Baik dari kesaksian Smith, maupun keterangan Trisnaningprojo yang dilengkapi sketsa lokasi pada saat kejadian, pemuda Indonesia menembak dengan pistol ke arah Mallaby melalui jendela depan di sisi kiri mobil, sedangkan Mallaby –masih menurut Smith- duduk di jok belakang, di sisi paling kiri. Dari posisi pemuda Indonesia tersebut, walaupun dia menggunakan tangan kiri, kemungkinan besar bagian tubuh Mallaby sebelah kanan yang akan terkena tembakan, dan ini biasanya tidak mematikan. Berbeda, apabila yang terkena adalah tubuh bagian kiri, di bagian jantung.

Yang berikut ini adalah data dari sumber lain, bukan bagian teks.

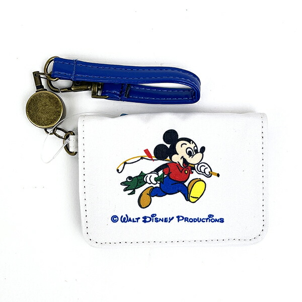 ミッキーの2つ折りの見開きタイプのパスケース。懐かしいデザインのミッキーがかわいい♪リール式なので鞄に付けたまま使えて便利♪通勤通学に◎

Di samping itu, juga tidak ada yang bisa memastikan, bahwa tembakan pemuda tersebut benar mengenai sasaran karena sebelumnya -juga menurut Smith- ketika bertiga masih duduk di bagian belakang mobil, ada yang menembak ke arah mereka dengan senapan sebanyak empat kali, namun tak satu peluru pun yang mengenai mereka. Tidak tertutup kemungkinan, bahwa pemuda yang menembak dengan pistol, juga baru pertama kali memegang pistol, sehingga belum mahir menggunakannya.

Ketika diwawancarai oleh Ben Anderson pada tanggal 13 Agustus 1962, Dul Arnowo menyatakan, bahwa dia yakin Mallaby secara tidak sengaja, telah terbunuh oleh anak buahnya sendiri.

Dalam laporan rahasia kepada atasannya, Kolonel Laurens van der Post mantan Gubernur Militer Inggris di Batavia/Jakarta tahun 1945, menuliskan (Sir Laurens van der Post, The Admiral’s Baby, John Murray, London, 1996):

"Rincian apa happenned di Sourabaya tidak benar-benar relevan dengan kajian ini tetapi interresting bahwa bukti yang sangat terbaru menunjukkan bahwa Mallaby Murder, jauh dari premiditatet menjadi atau pelanggaran disengaja iman, lebih disebabkan oleh kebingungan tak terlukiskan dan saraf kegembiraan semua orang di kota. Apakah Jenderal Hawthorn, Jenderal Perwira Komandan Jawa pada saat yang sama, telah tepat Negeri Sipil dan pejabat politik stafnya untuk merancang proklamasi malang baginya dan untuk menjaga [dalam] menghubungi kontinyu dan informasi dengan populasi, kisah Sourabaya mungkin telah berbeda.